News has been received that Spanish climber Rael Saez Candelas has repeated ” Bold Corona” F8a on the 27th January in McCarthy’s Cave at Ghar Lapsi. Rael felt that it was a good idea to also write about this ascent as, in a way, it adds another small footnote to the climbing history of Malta. I think reporting on such ascents of note also creates a bit of a “scene” in Malta and is actually good for everyone to know about whats happening at the cutting edge of climbing here. Thereby, people get psyched and motivated to do routes which are hard for them, whatever the grade!

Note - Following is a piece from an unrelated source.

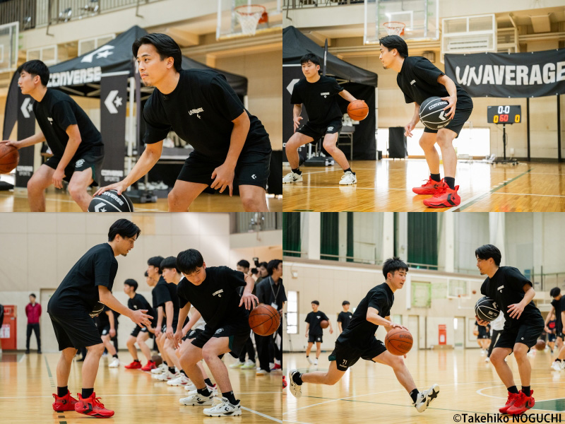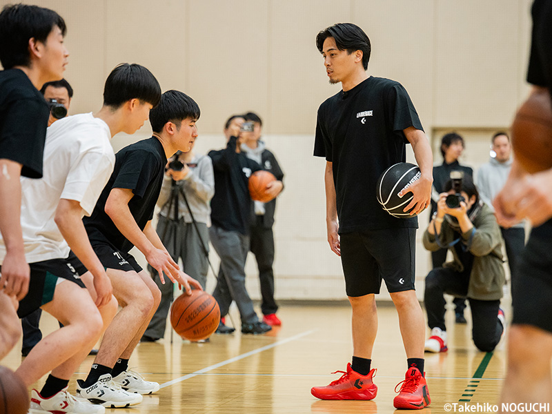 3月23日、「UNAVERAGE SKILL LAB supported by CONVERSE」が船橋市立船橋高校(千葉県)にて開催され、富樫勇樹が市船橋高の男女バスケットボール部員たちにクリニックを行った。

Rael’s own words convey an impression of what its like to be driven to do a route. Maybe “obsession” would be too strong a word to use, but its easy to become so focused on a route, or even just a move, that completing it becomes, indeed an obsession. Some routes can only be done as a result of the intense focus such an obsession gives a climber. A focus on every move, every movement, every hold – a complicated puzzle the solution of which can take years, or months or days of effort to work out. Then finally it all comes together, the weather, the mood or “vibe” is right and the flow continues from hold to hold upwards until the magic moment when the top is reached for the first time in one continuous sequence.

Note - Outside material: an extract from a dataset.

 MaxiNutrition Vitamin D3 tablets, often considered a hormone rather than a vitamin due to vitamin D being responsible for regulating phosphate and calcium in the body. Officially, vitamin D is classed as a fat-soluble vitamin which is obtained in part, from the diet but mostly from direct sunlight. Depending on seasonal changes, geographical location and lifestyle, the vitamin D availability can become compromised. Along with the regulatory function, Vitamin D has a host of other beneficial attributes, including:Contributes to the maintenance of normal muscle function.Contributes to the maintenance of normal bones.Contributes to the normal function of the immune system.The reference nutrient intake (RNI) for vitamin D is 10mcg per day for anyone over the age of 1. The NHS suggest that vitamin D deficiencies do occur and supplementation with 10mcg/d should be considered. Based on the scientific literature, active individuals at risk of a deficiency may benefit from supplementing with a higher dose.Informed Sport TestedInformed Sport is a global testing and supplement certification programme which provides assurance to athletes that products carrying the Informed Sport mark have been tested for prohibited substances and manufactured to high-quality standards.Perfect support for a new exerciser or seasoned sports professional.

Back to Rael’s words: “what to say of a route that has taken me three long years of tries…putting extenders on..removing them at the end of the season…extenders on again..they would get corroded…I would come back the next year, motivated..then seeing it impossible..depression..motivation…is it really possible for me to do this? A relationship of hate and love. What to say of a route that only depends on how you put your fingers in that so painful and small pocket..a route that was set and first-ascended by a Dutchman who came to the island in 1998 and has now, 15 years later, been repeated!”